Cross-validation is vulnerable to a small amount of type-II error into its measurement. When the training folds are artificially biased in one direction (due to the random shuffling of the data), the test folds are generally biased in the opposite direction (because every pattern either falls into the training or test folds). This causes cross-validation to slightly under-estimate accuracy. This effect is particularly observable in small datasets. 2-fold cross-validation has the lowest type-II error of any other type of cross-validation. It is also significant to note that performing multiple repetitions does not correct for this kind of error. Consequently, it is generally advisable to perform multiple repetitions of 2-fold cross-validation rather than to perform n-fold cross-validation with another value for n.
The well-known Iris dataset provides a simple demonstration of this behavior. It has exactly 3 classes that are perfectly balanced. If you use learning algorithm that always predicts the most-common class in the training data, it should obtain a predictive accuracy of exactly 33.333%. Cross-validation, however, consistently measures a predictive accuracy score lower than 33.333% with this dataset (due mostly to the effect I described). 2-fold cross-validation gives the closest measurement to the ideal result on average. Unfortunately, 2-fold cross-validation is more volatile than n-fold cross-validation with other values for n, so it is typically necessary to perform multiple repetitions of 2-fold CV.--Laughsinthestocks (talk) 15:36, 8 October 2013 (UTC)
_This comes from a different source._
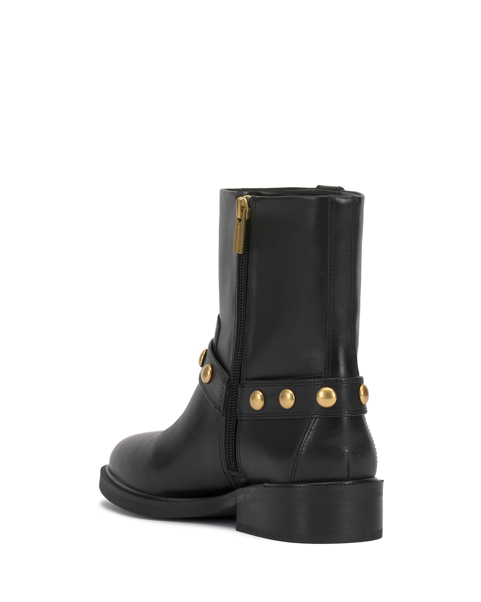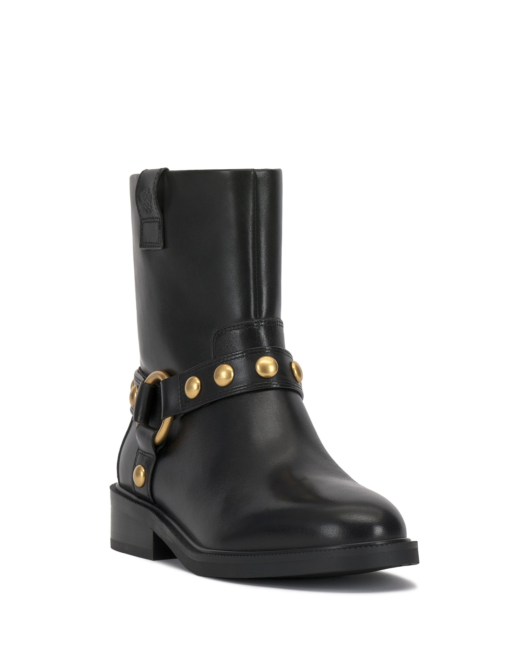 The Amais moto bootie is the perfect way to add modern edge to your wardrobe. The classic ankle boot silhouette is upgraded with a studded harness strap and a low block heel. The inside zipper closure adds convenience to your routine while the padded footbed supports every step.

(Ctrl)F does not work for k-fold

I was looking for the phrase "k-fold", but could not find it via the normal find on the page. Could it be due to the double quotes around k?

In other words, you can find:

  • k
  • -fold

but not

  • k-fold

Lindner wf (talk) 21:36, 21 April 2014 (UTC)Lindner_wf

That sounds like a feature (or bug) of the browser. I tried k-fold without quotes and it works fine on Chrome. Shyamal (talk) 06:37, 22 April 2014 (UTC)

Is this logical?

I'm afraid I don't get the logic of this statement in the intro: "Furthermore, one of the main reasons for using cross-validation instead of using the conventional validation (e.g. partitioning the data set into two sets of 70% for training and 30% for test) is that the error (e.g. Root Mean Square Error) on the training set in the conventional validation is not a useful estimator of model performance and thus the error on the test data set does not properly represent the assessment of model performance."
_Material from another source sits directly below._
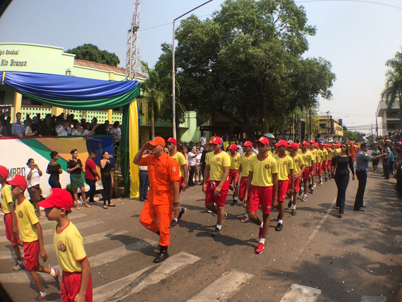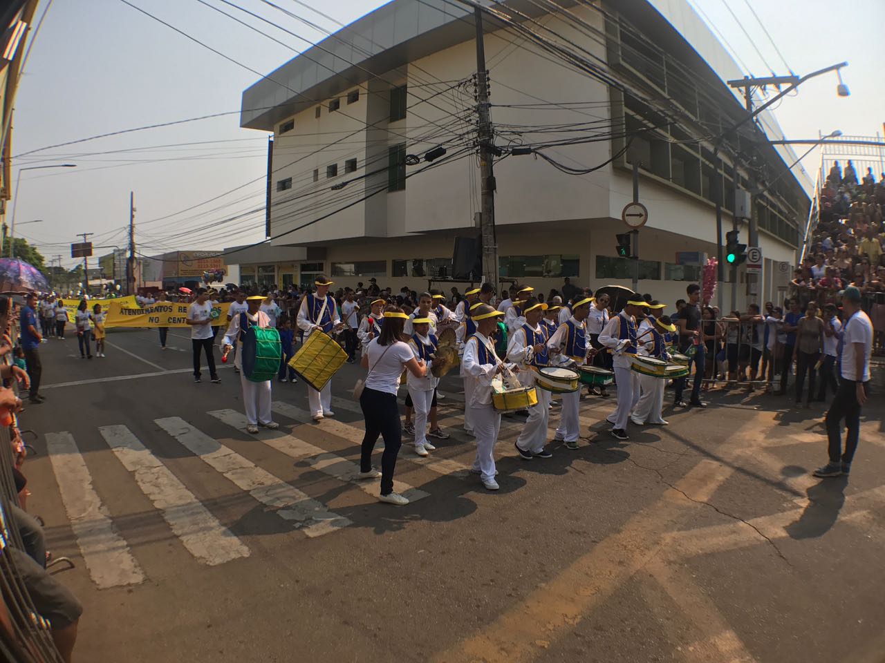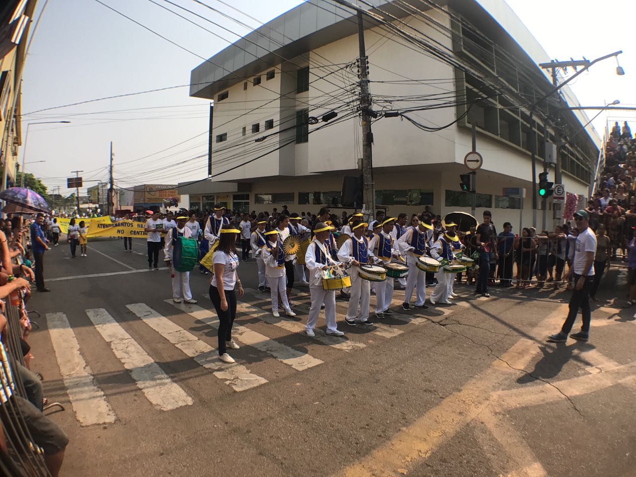 O desfile cívico teve início com a fanfarra da Associação de Pais e Amigos dos Excepcionais (Apae), do Centro de Ensino Especial Dom Bosco, da Ordem Demolay e Filhas de Jó, da Super Liga Acreana de Kung Fu e da Embaixada Mundial dos Ativistas pela Paz.

I understand the point about the error on the training set not being useful, but how does that translate into the part after "thus"?

Scottedwards2000 (talk) 01:31, 10 January 2016 (UTC)

Last sentence and description of "true validation" are misleading

"It should be noted that some statisticians have questioned the usefulness of validation samples.[17]"

Ref 17, Hirsch 1991 Biometrics, refers specifically to the case where a single data set is divided into "training" and "validation" sets. In fact, Hirsch is careful to make a distinction between this practice and external validation, in which the validation set is an independently procured data set. External validation is acceptable, while internal validation is criticized. As currently presented, this sentence in Wikipedia does not distinguish between the two.

Actually, the Hirsch letter is a direct criticism of the "Relationship to other forms of validation" section in this article. What's being described here as "true validation" or "holdout validation" is actually the internal validation being criticized by Hirsch. As Hirsch points out, internal validation sets are subject to the same biases as the training set and thus do not allow one to estimate how well a model generalizes. We should not be advocating this practice by calling it "true" validation, because it is not. 143.117.149.187 (talk) 12:58, 3 May 2016 (UTC)

I've gone ahead and made some edits that I feel address my comments above. Use the article history to see the changes. 143.117.149.187 (talk) 13:12, 3 May 2016 (UTC)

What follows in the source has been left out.